In the material below, find the line with "Aluminium képkeretléc IM1021-271"; set down that line and every line after it to the end, exactly, without pictures.

◆ ◆ ◆ ◆

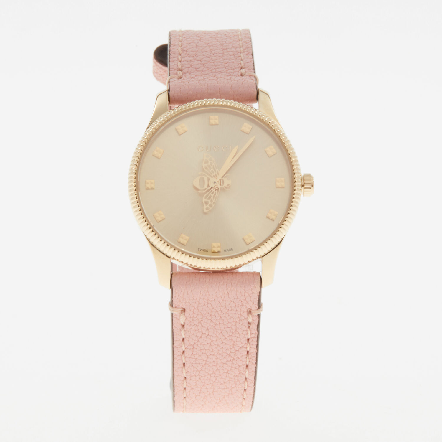Be the first to review “Gucci – Rosa-goldfarbene Armbanduhr mit Lederband”
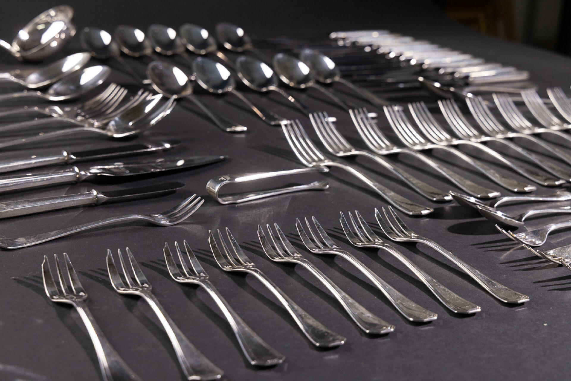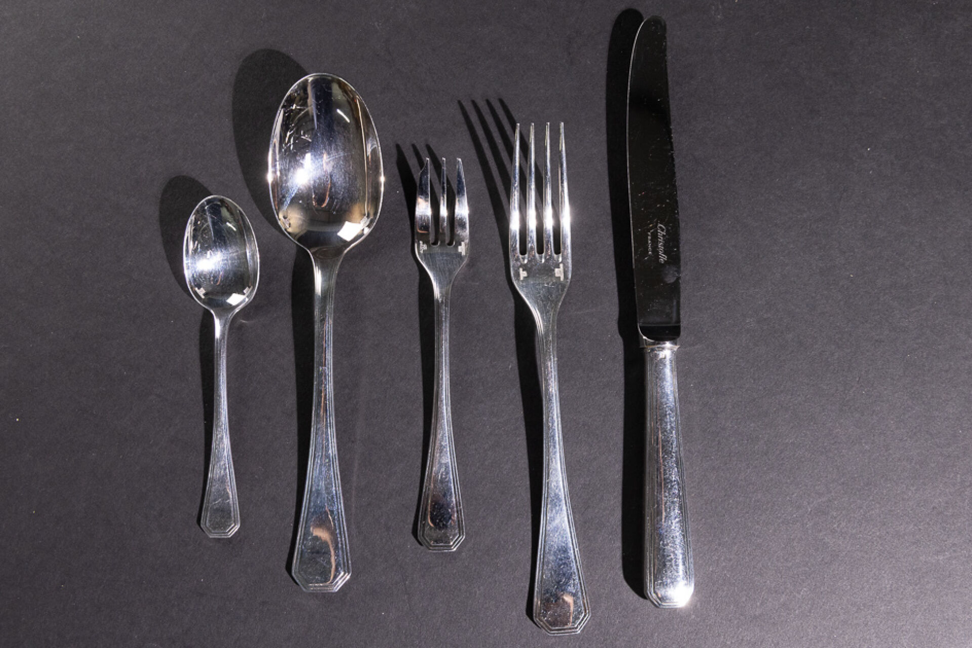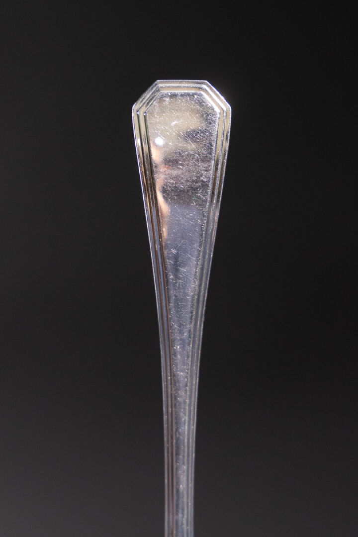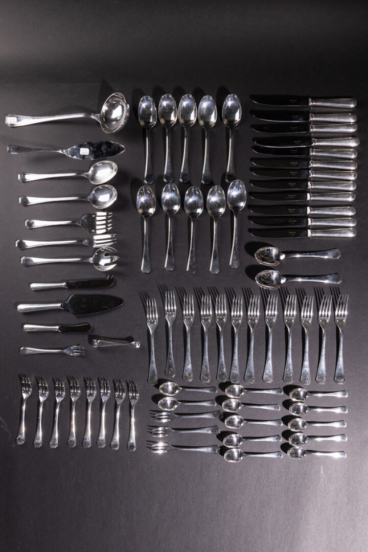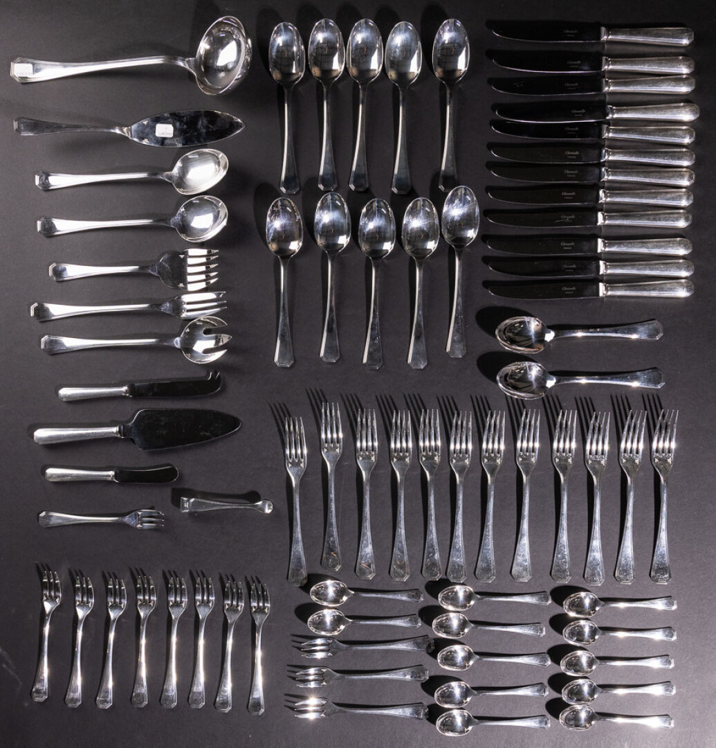 Maison CHRISTOFLE. Ménagère en métal argenté modèle AMERICA comprenant : - Douze grands couverts ; - Douze grands couteaux ; - Douze cuillères à dessert ; - Douze fourchettes à gâteau ; - Louche ; - Couteau à fromage ; - Pelle à tarte ; - Couteau à beurre ; - Pince à sucre ; - Couverts de service ; - Couverts à salade ; - Couverts à poissons. Le modèle America a été crée en 1935 par Luc LANEL, pour la Maison CRISTOFLE.
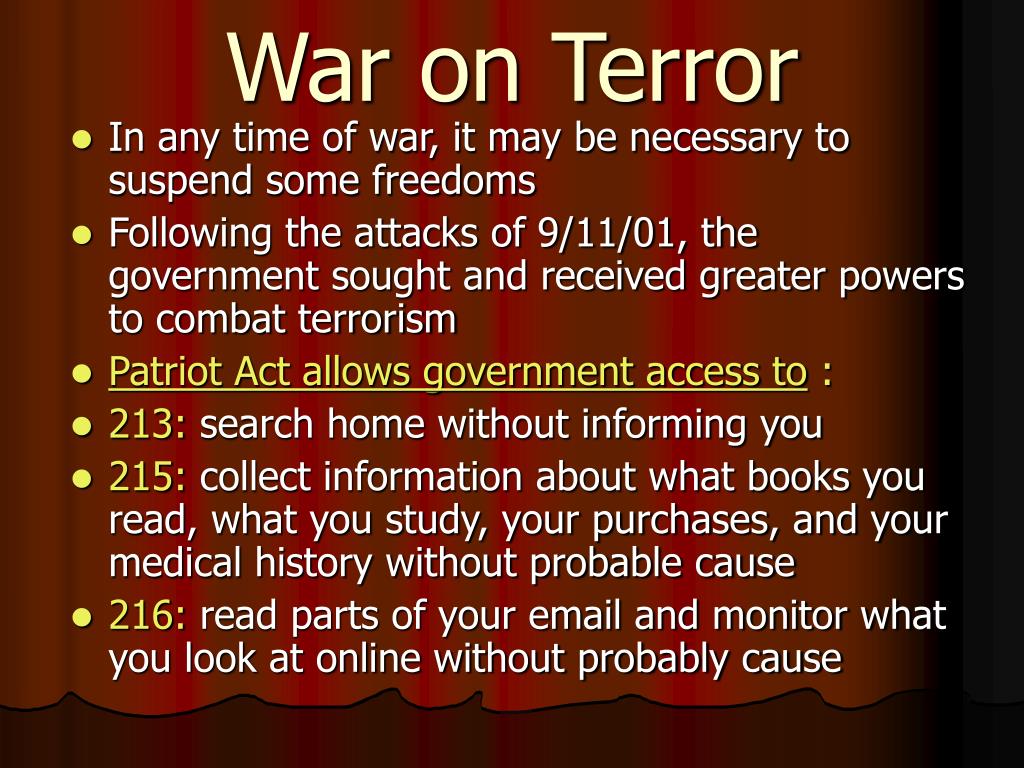War on Terror • In any time of war, it may be necessary to suspend some freedoms • Following the attacks of 9/11/01, the government sought and received greater powers to combat terrorism • Patriot Act allows government access to : • 213: search home without informing you • 215: collect information about what books you read, what you study, your purchases, and your medical history without probable cause • 216: read parts of your email and monitor what you look at online without probably cause
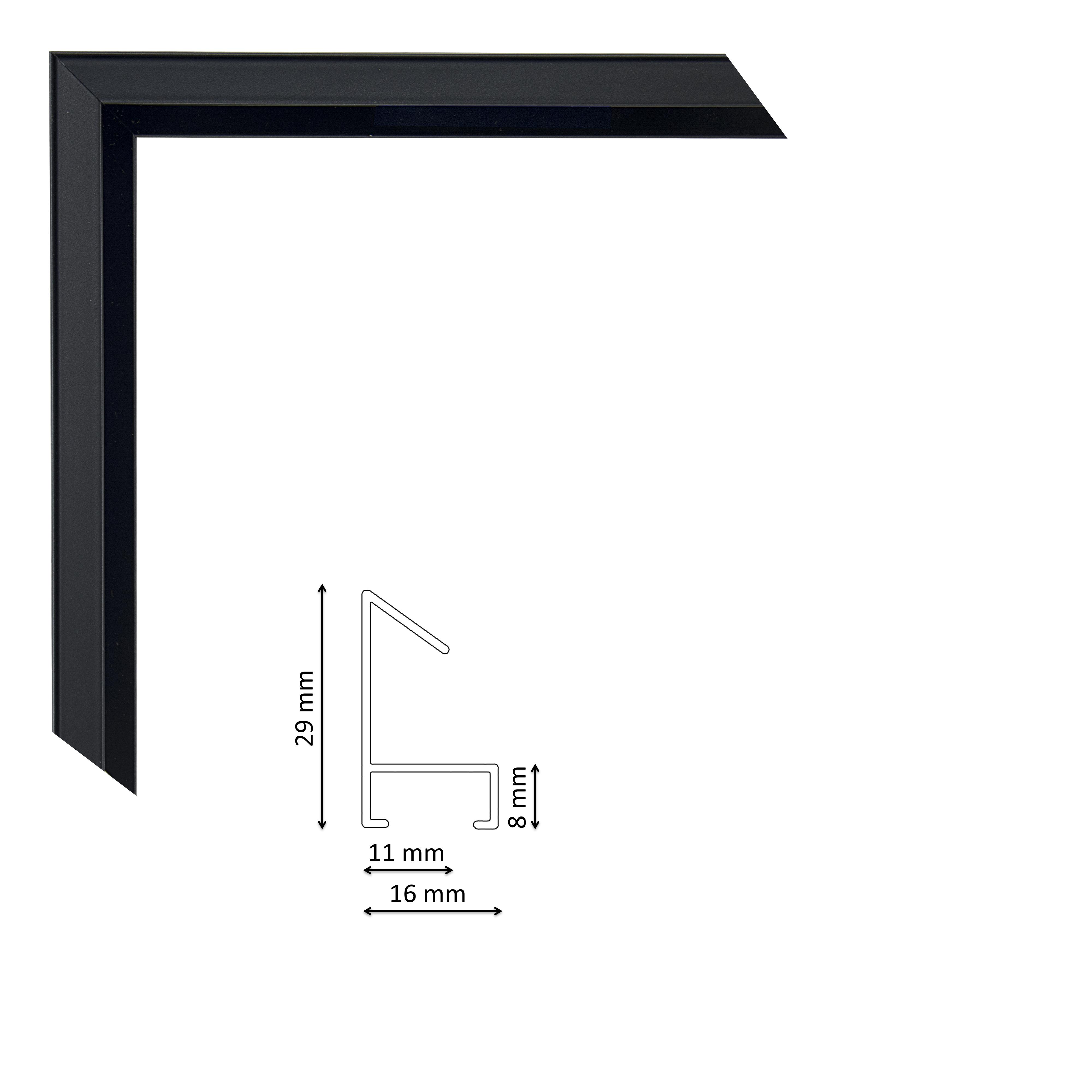 Aluminium képkeretléc IM1021-271 Kérdése van? Modern, keskeny alumínium léc matt fekete kivitelben, befelé mélyülő profilban.
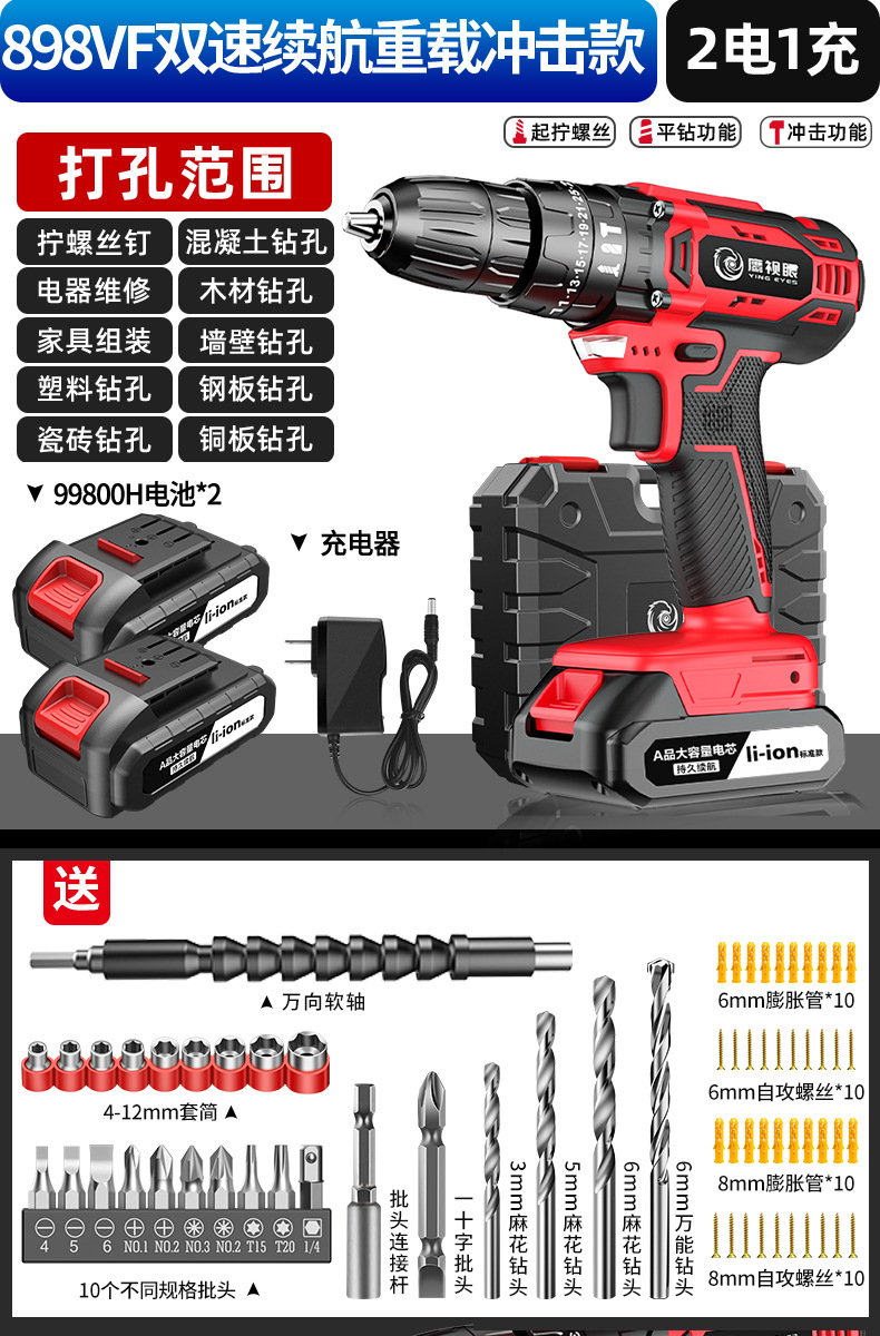 • 898VF [2단 중부하 임팩트 모델] 배터리 2개 + 비트
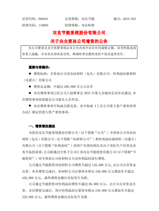 8月5日,双良节能(600481)发布公告,宣布将通过全资子公司江苏双良节能投资有限公司(以下简称“节能投资”),对全资孙公司双良硅材料(包头)有限公司(简称“硅材料公司”)和恒利晶硅新材料(内蒙古)有限公司(简称“恒利晶硅”)进行增资,总金额不超过20亿元。
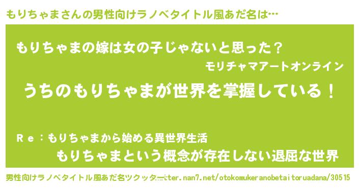 | 女子向けラノベタイトル風あだ名 | 『男装もりちゃまの憂鬱な任務』 |

◆ ◆ ◆ ◆

** REPLY TO THE TASK **
 Aluminium képkeretléc IM1021-271 Kérdése van? Modern, keskeny alumínium léc matt fekete kivitelben, befelé mélyülő profilban.
 • 898VF [2단 중부하 임팩트 모델] 배터리 2개 + 비트
 8月5日,双良节能(600481)发布公告,宣布将通过全资子公司江苏双良节能投资有限公司(以下简称“节能投资”),对全资孙公司双良硅材料(包头)有限公司(简称“硅材料公司”)和恒利晶硅新材料(内蒙古)有限公司(简称“恒利晶硅”)进行增资,总金额不超过20亿元。
 | 女子向けラノベタイトル風あだ名 | 『男装もりちゃまの憂鬱な任務』 |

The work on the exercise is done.